Указывают направление: в ста пятидесяти метрах — поваленное дерево, за ним искать блиндаж, там начштаба полка.
Проходим всю пустую деревню, погрузившись в едкий дым пожара. Горят дома и, судя по запаху, трупы. Свет в одном доме. Выходит группа бойцов: инженерная разведка. Нагружены пачками немецких галет. Мы голодны, берем у разведчиков по одной. Это — кнекеброд, добытый «вопреки минам».
Наконец разыскали блиндаж. Часовой, доложив, пропускает. В блиндаже полно офицеров — здесь штаб полка. Офицеры обедают. Нас встречают приветливо, угощают щами и картошкой с мясом. Полк брал Красное Село. В этом блиндаже часа два назад старший сержант Утусиков захватил одного немца в плен, другого убил на койке. То были радист и наблюдатель, корректировавшие огонь. А вокруг блиндажа взято двенадцать пленных.
Мы находимся в деревне Кирпуны, в четырех с половиной километрах к западу от города.
Полк через два часа выходит дальше — новое задание. Никто не знает, сомкнулись ли войска Федюнинского с 42-й Ударной. Рассуждают: «Нет! Это произойдет часов в двенадцать дня».
Делаю подробные записи о боевых действиях полка, о штурме Красного Села.
Последним удерживал Красное Село 422-й полк 126-й немецкой пехотной дивизии. Полк получил приказ гитлеровского командования: любой ценой устоять на своих позициях, — если сдадут город, семьи офицеров будут казнены.
Красное Село взяли без артподготовки. Штурмовали его стрелковые полки 64-й гвардейской стрелковой дивизии (194-й, 197-й и 191-й), 1025-й полк 291-й стрелковой дивизии и 205-й и 260-й танковые полки. На центральном направлении двигался и первым ворвался в город 194-й полк под командованием гвардии подполковника В. М. Шарапова. 1025-й шел в стыке с ним, другие — сзади. Танкисты действовали, когда пехота была на гребне красносельских высот.
Действия 194-го полка начались 15 января (артподготовка — в девять часов двадцать минут, атака — в одиннадцать часов утра). На первом оборонительном рубеже противник дал жестокий бой. Полоса наступления полка приходилась против двух крупных узлов сопротивления — Генгозе и Винирязе. На первых двух километрах глубины вражеской обороны насчитывалось семь опорных пунктов. Исходное положение у полка было невыгодным, открытая до переднего края немцев местность простреливалась множеством снайперов, автоматчиков, разветвленной системой артогня.
Первым поднял свою роту в атаку старший лейтенант Василий Жигарев.
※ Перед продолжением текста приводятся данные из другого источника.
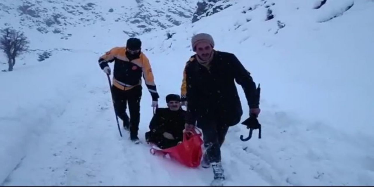 Yaşlı hasta kızakla ambulansa ulaştırıldı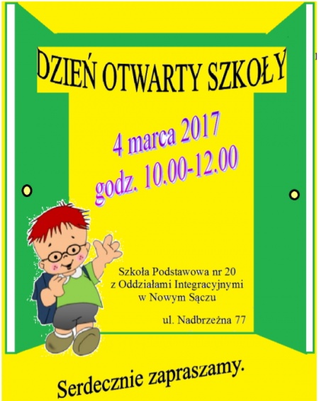 Szkoła Podstawowa nr 20 z Oddziałami Integracyjnymi w Nowym Sączu, ul. Nadbrzeżna 77, zaprasza wszystkie dzieci wraz z rodzicami na Dzień Otwarty 4 marca w godz. 10:00-12:00. Będą mogli Państwo zapoznać się z ofertą edukacyjną placówki, która dobrze uczy i bawi.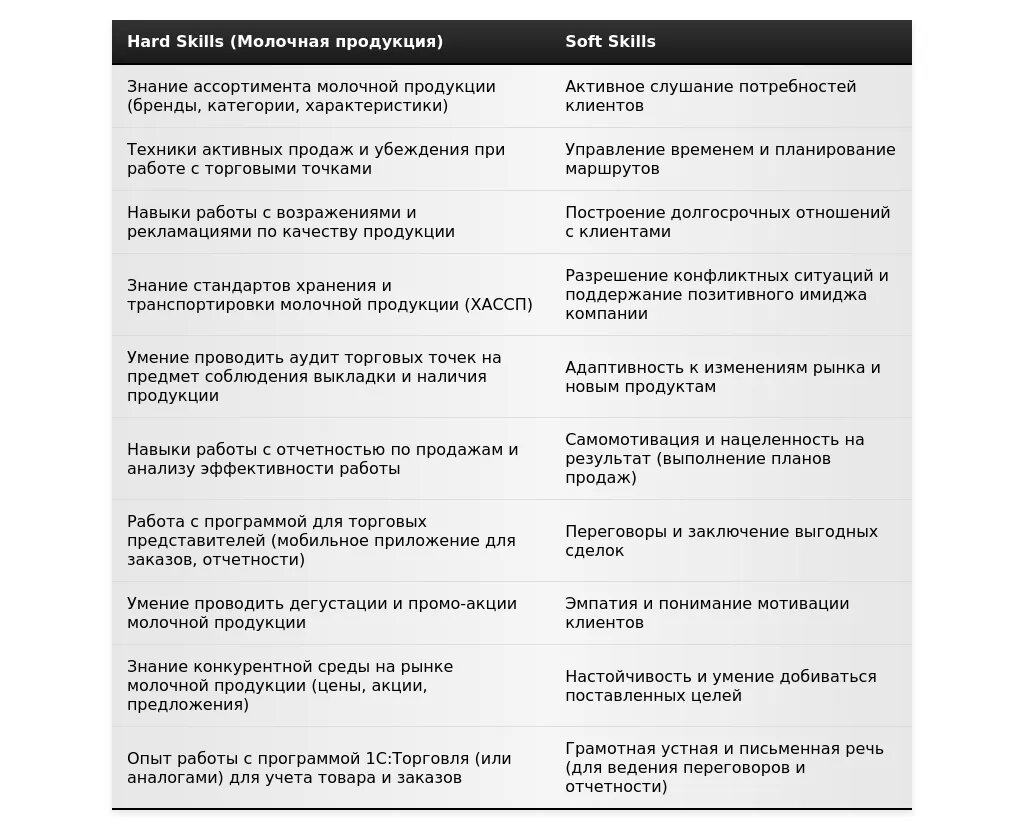 - Обязательная информация:Ключевые навыки и компетенции, релевантные для позиции торгового представителя в молочной отрасли.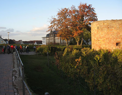 Na het dumpen van de koffer restte mij nog net een half uurtje om de wandelschoenen aan te trekken: we gingen om 14 uur onmiddellijk op pad, de wijngaarden en het Haardtgebergte in. De 16 man en vrouw zetten er een stevig tempo in. Eerst door het vriendelijke Forst, waar de Weinstrasse dwars door het dorp loopt en de wijngoederen zich aaneenrijgen. Dan door beroemde wijngaarden als Jesuitengarden, Kirchenstuck, Ungeheuer en Freudenstuck. Na een stevig klim, onder andere langs een oude basaltgroeve en dwars door het bos, arriveerden we in de ruïneWachenberg. De koele Riesling smaakte er uitstekend..
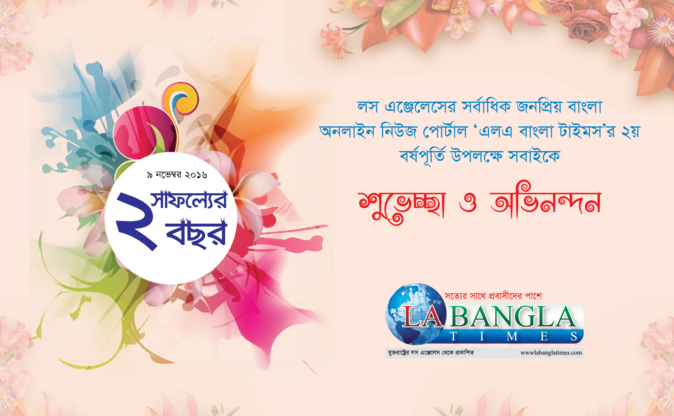 আজ ‘এলএ বাংলাটাইমস’র ২য় প্রতিষ্ঠাবার্ষিকী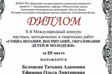 От всей души поздравляем наших учителей технологии, Ефимову Ольгу Дмитриевну и Белоцкую Татьяну Адамовну, с III местом в X-ом Международном конкурсе научных, методических и творческих работ "Социализация, воспитание, образование детей и молодежи" !

Он сразу погиб, но воодушевленные им бойцы пошли вперед. Командир батальона Колосов был ранен еще до начала атаки, солдат повел заместитель комбата, старший лейтенант Алексей Кириллович Дорофеев. Был убит. Тогда бойцов повел парторг батальона, гвардии старшина Петр Ильич Рыбаков. Был тяжело ранен, но бойцы не остановились. Роты шли в атаку развернутыми цепями под командой своих командиров.
Четвертую роту вел Николай Иванович Перепелов. Умело довел ее до переднего края немцев. Был убит.
Третью роту — старший лейтенант Харитонов. Убит.
Шестую роту — старший лейтенант Алексей Кузьмич Гусев. Убит.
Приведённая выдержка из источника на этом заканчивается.